What you are asked to do:
Span requested from the data below: the line with "巴桑站在店門口展示著自家的切" through the line with "Candid-Away™ is specifically", both included. Give only these lines again, exactly, and leave every picture out.

(Stored data)
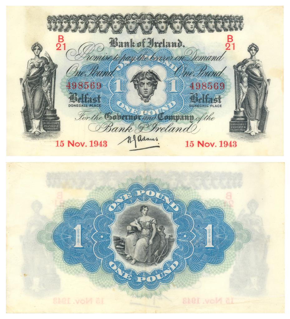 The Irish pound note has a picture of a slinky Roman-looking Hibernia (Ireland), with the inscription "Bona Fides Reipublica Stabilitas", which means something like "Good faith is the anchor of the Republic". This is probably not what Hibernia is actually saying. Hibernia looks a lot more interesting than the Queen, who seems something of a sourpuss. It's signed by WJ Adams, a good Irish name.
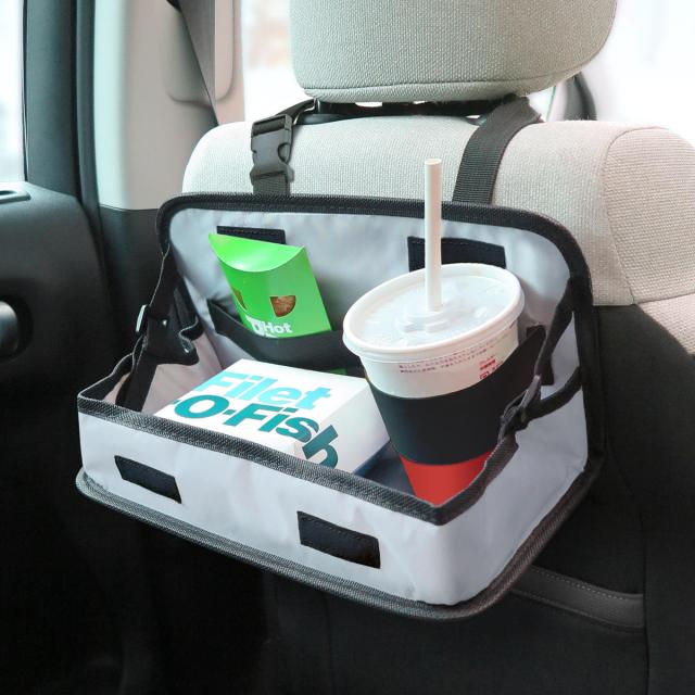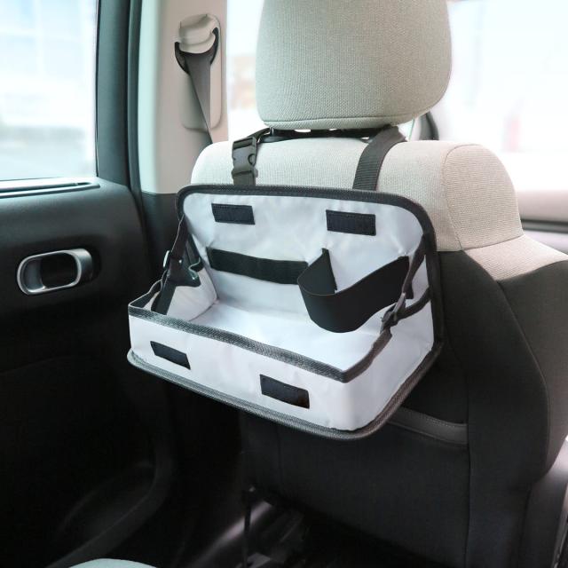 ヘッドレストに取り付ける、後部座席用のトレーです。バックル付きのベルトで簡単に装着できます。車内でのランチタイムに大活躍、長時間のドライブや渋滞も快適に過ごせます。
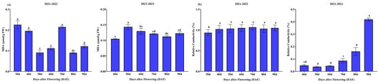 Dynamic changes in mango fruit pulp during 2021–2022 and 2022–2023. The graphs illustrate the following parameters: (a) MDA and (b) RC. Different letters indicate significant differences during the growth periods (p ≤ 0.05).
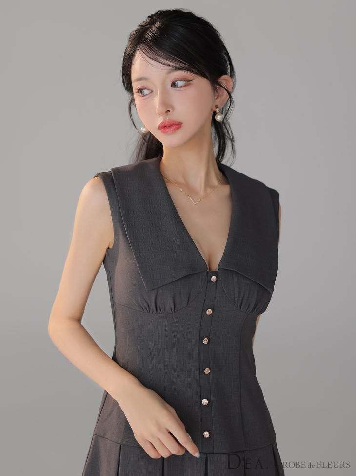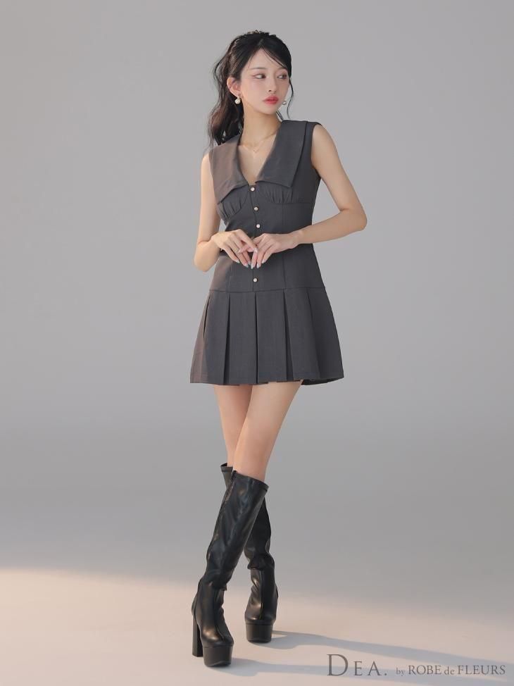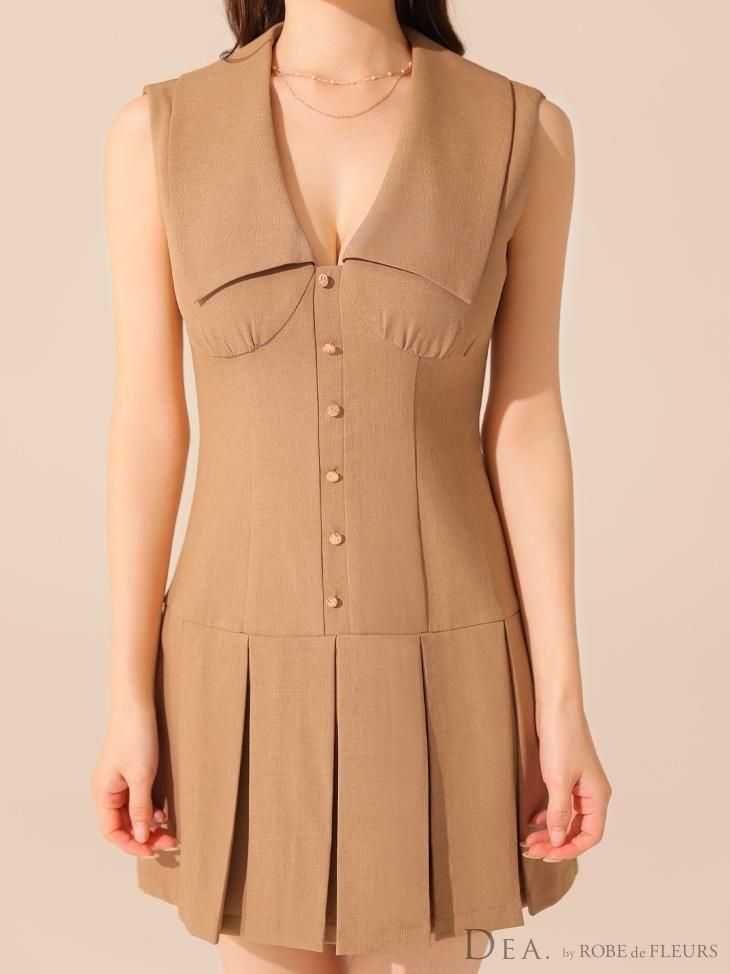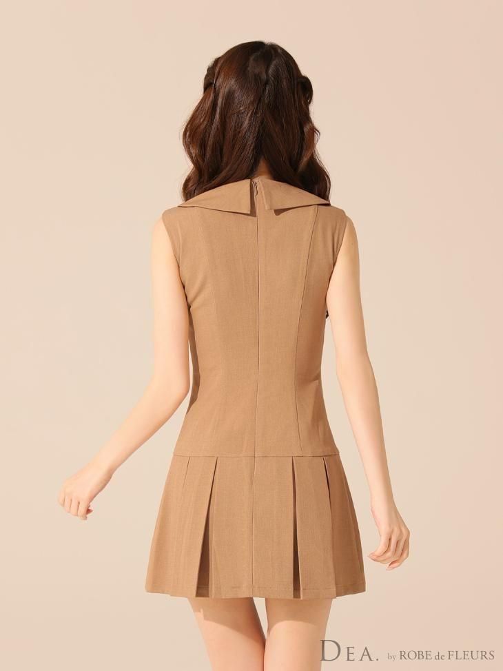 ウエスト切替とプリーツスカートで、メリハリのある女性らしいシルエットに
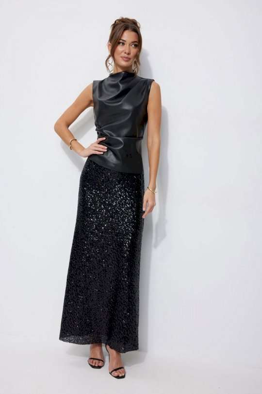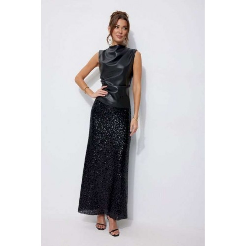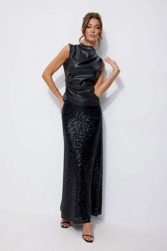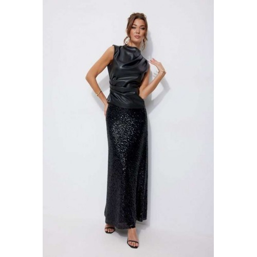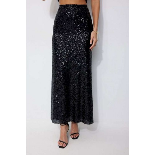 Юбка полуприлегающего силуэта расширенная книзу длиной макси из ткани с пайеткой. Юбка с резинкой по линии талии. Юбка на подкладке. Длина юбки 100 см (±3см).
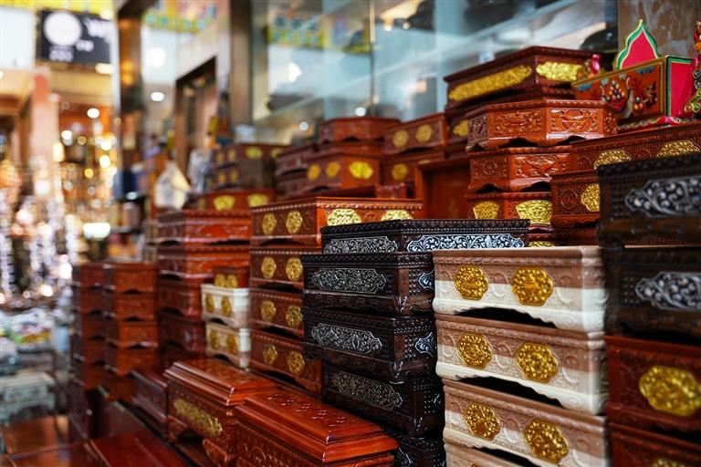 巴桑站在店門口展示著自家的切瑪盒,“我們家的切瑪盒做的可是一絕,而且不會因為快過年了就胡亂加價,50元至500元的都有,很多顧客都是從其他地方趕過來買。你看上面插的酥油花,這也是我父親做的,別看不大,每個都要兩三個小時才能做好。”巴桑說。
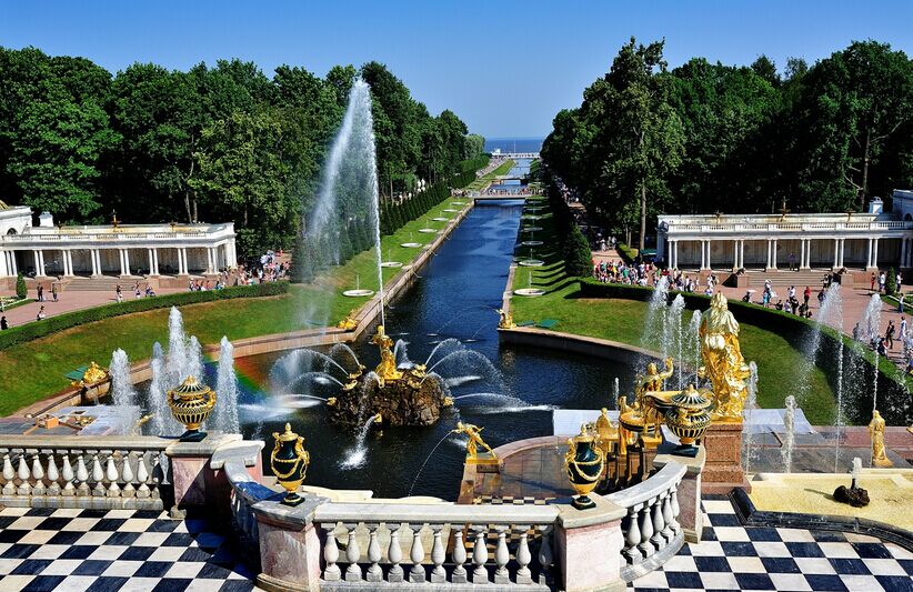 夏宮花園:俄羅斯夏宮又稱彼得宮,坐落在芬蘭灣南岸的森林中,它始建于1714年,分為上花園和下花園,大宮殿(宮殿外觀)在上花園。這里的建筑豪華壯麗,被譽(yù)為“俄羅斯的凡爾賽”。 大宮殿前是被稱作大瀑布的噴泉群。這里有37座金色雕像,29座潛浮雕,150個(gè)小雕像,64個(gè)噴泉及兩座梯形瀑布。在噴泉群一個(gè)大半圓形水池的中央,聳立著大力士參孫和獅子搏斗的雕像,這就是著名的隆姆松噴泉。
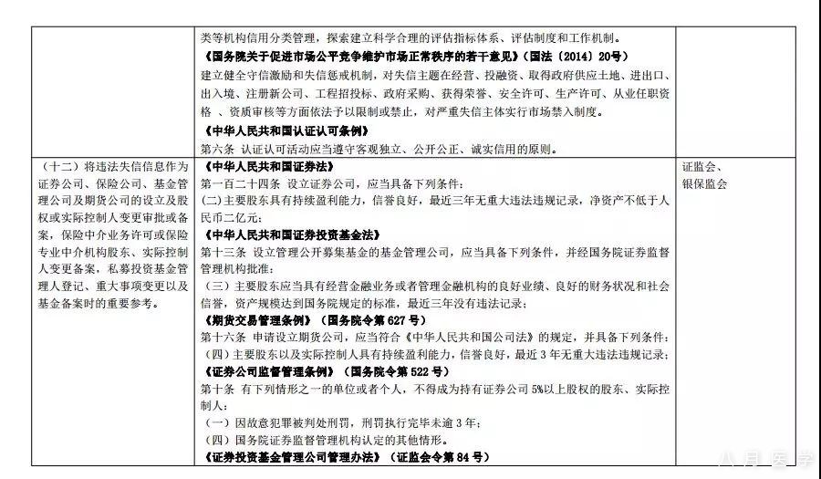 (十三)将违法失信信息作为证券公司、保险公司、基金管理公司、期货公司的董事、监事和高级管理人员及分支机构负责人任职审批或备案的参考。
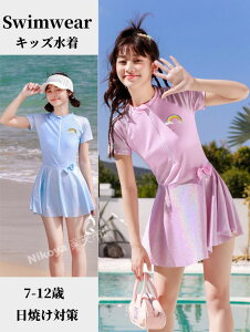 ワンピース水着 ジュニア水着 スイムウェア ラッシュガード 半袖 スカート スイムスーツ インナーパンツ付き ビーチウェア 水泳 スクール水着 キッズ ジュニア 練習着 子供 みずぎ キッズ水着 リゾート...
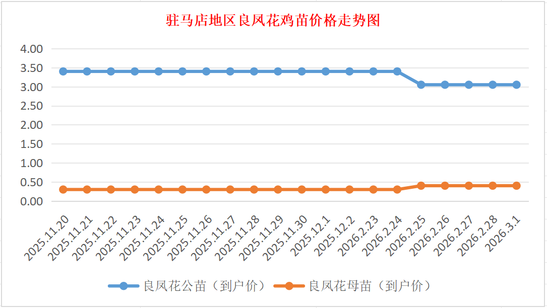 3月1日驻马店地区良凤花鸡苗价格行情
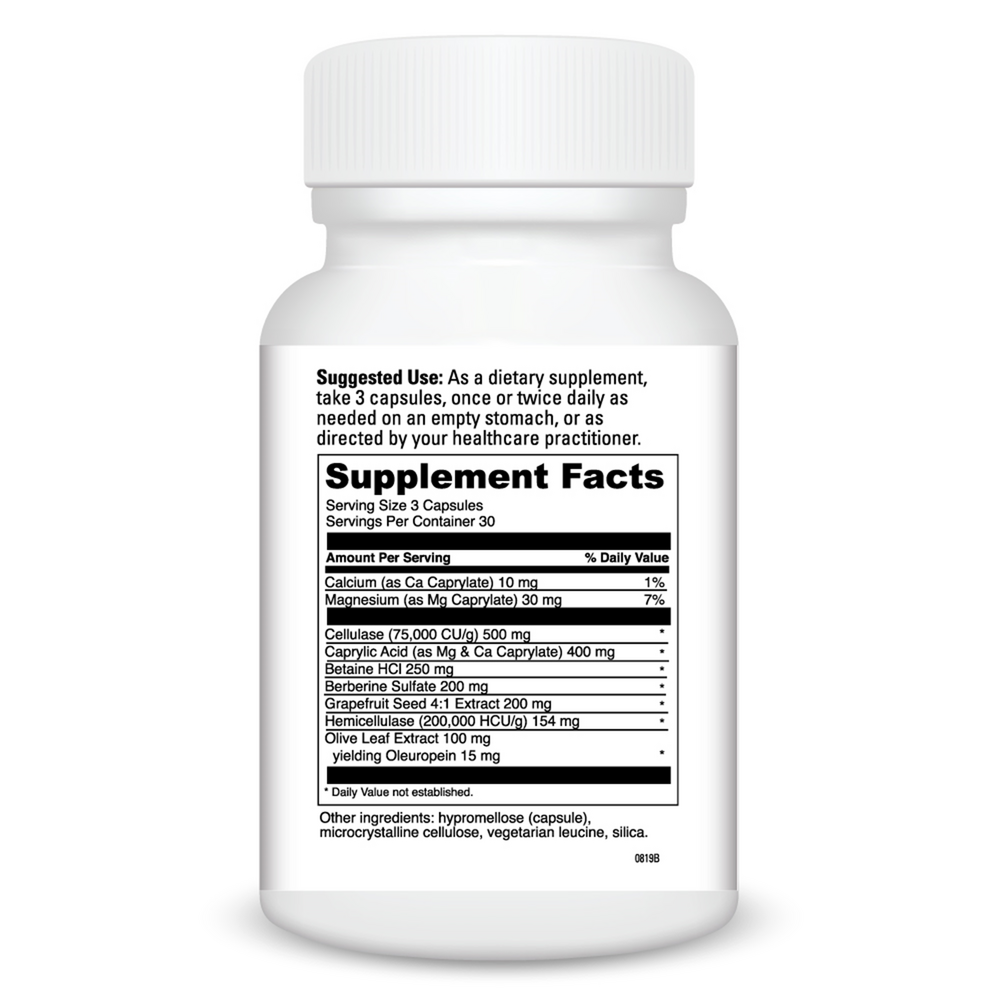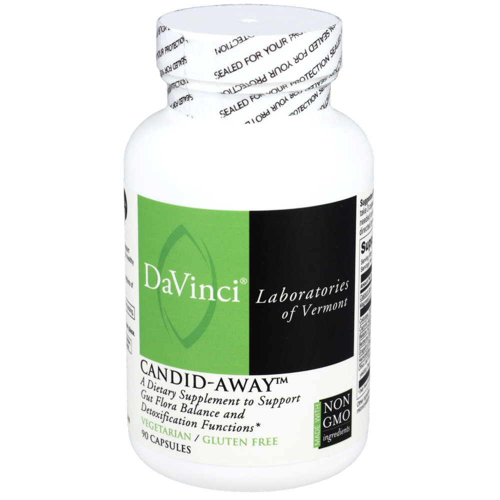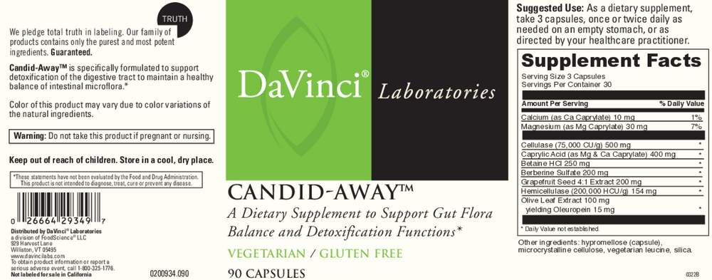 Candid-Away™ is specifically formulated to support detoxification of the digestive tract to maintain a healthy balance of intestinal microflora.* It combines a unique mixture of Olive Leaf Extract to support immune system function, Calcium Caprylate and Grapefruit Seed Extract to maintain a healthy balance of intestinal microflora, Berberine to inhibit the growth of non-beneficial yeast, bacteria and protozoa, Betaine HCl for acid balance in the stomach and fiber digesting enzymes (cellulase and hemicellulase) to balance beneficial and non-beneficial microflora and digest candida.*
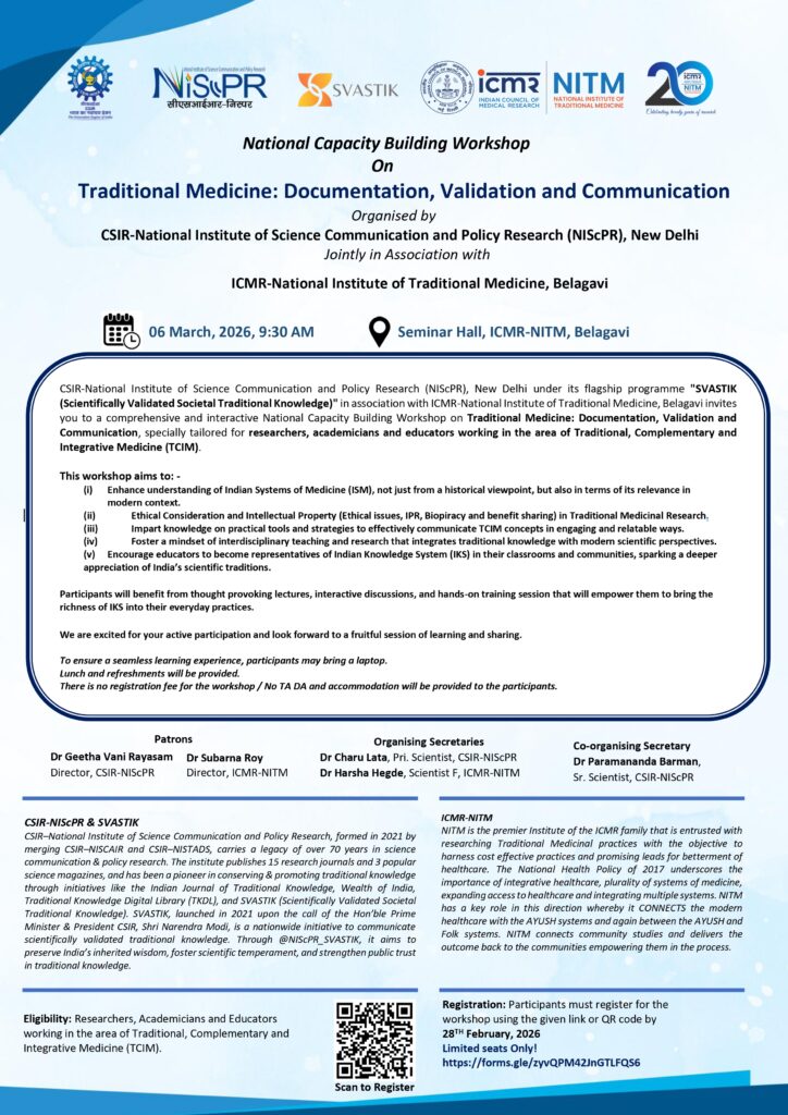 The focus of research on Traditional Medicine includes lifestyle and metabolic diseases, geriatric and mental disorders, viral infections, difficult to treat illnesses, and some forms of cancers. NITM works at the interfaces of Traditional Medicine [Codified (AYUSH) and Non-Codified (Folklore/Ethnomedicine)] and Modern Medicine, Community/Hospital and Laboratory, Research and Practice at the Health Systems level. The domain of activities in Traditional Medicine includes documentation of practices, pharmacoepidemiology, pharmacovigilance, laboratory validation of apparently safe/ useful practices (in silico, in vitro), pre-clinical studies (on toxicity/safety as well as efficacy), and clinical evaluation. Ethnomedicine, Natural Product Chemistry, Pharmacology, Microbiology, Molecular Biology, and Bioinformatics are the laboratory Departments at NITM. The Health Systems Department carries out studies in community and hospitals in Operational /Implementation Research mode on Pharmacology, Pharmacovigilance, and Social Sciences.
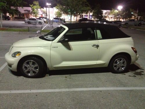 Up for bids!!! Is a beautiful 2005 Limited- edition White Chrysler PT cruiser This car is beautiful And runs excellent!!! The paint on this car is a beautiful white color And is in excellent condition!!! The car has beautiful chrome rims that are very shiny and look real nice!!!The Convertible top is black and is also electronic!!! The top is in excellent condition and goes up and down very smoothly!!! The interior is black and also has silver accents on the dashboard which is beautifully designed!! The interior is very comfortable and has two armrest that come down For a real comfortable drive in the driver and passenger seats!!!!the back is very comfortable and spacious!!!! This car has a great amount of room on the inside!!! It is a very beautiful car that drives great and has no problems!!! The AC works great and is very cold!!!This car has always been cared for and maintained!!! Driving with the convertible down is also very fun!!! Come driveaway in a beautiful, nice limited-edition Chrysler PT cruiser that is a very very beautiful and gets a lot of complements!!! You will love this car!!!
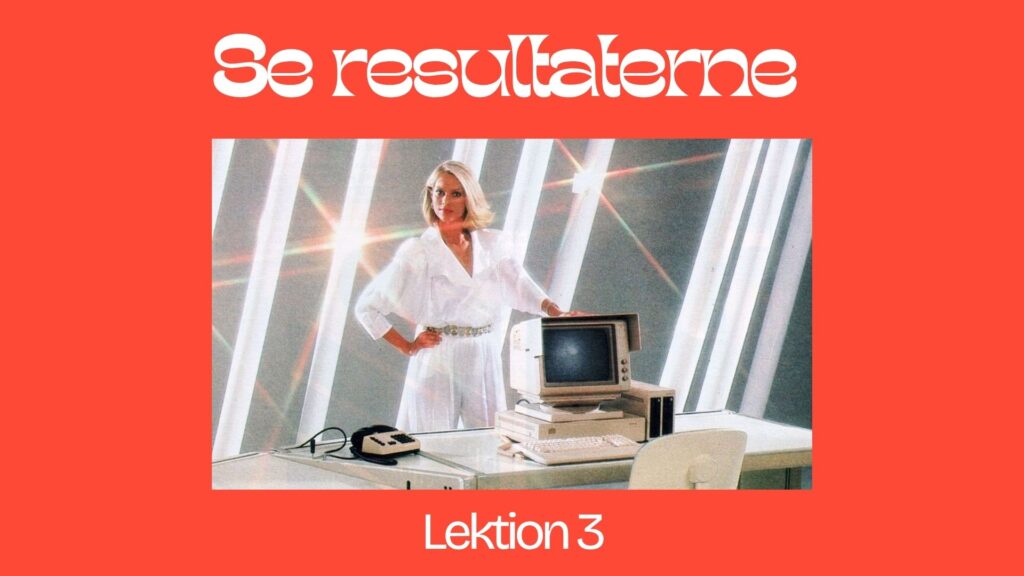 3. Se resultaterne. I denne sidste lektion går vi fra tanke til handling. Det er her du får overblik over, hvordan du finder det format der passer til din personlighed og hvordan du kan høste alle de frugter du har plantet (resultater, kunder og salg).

Answer box:
 巴桑站在店門口展示著自家的切瑪盒,“我們家的切瑪盒做的可是一絕,而且不會因為快過年了就胡亂加價,50元至500元的都有,很多顧客都是從其他地方趕過來買。你看上面插的酥油花,這也是我父親做的,別看不大,每個都要兩三個小時才能做好。”巴桑說。
 夏宮花園:俄羅斯夏宮又稱彼得宮,坐落在芬蘭灣南岸的森林中,它始建于1714年,分為上花園和下花園,大宮殿(宮殿外觀)在上花園。這里的建筑豪華壯麗,被譽(yù)為“俄羅斯的凡爾賽”。 大宮殿前是被稱作大瀑布的噴泉群。這里有37座金色雕像,29座潛浮雕,150個(gè)小雕像,64個(gè)噴泉及兩座梯形瀑布。在噴泉群一個(gè)大半圓形水池的中央,聳立著大力士參孫和獅子搏斗的雕像,這就是著名的隆姆松噴泉。
 (十三)将违法失信信息作为证券公司、保险公司、基金管理公司、期货公司的董事、监事和高级管理人员及分支机构负责人任职审批或备案的参考。
 ワンピース水着 ジュニア水着 スイムウェア ラッシュガード 半袖 スカート スイムスーツ インナーパンツ付き ビーチウェア 水泳 スクール水着 キッズ ジュニア 練習着 子供 みずぎ キッズ水着 リゾート...
 3月1日驻马店地区良凤花鸡苗价格行情
 Candid-Away™ is specifically formulated to support detoxification of the digestive tract to maintain a healthy balance of intestinal microflora.* It combines a unique mixture of Olive Leaf Extract to support immune system function, Calcium Caprylate and Grapefruit Seed Extract to maintain a healthy balance of intestinal microflora, Berberine to inhibit the growth of non-beneficial yeast, bacteria and protozoa, Betaine HCl for acid balance in the stomach and fiber digesting enzymes (cellulase and hemicellulase) to balance beneficial and non-beneficial microflora and digest candida.*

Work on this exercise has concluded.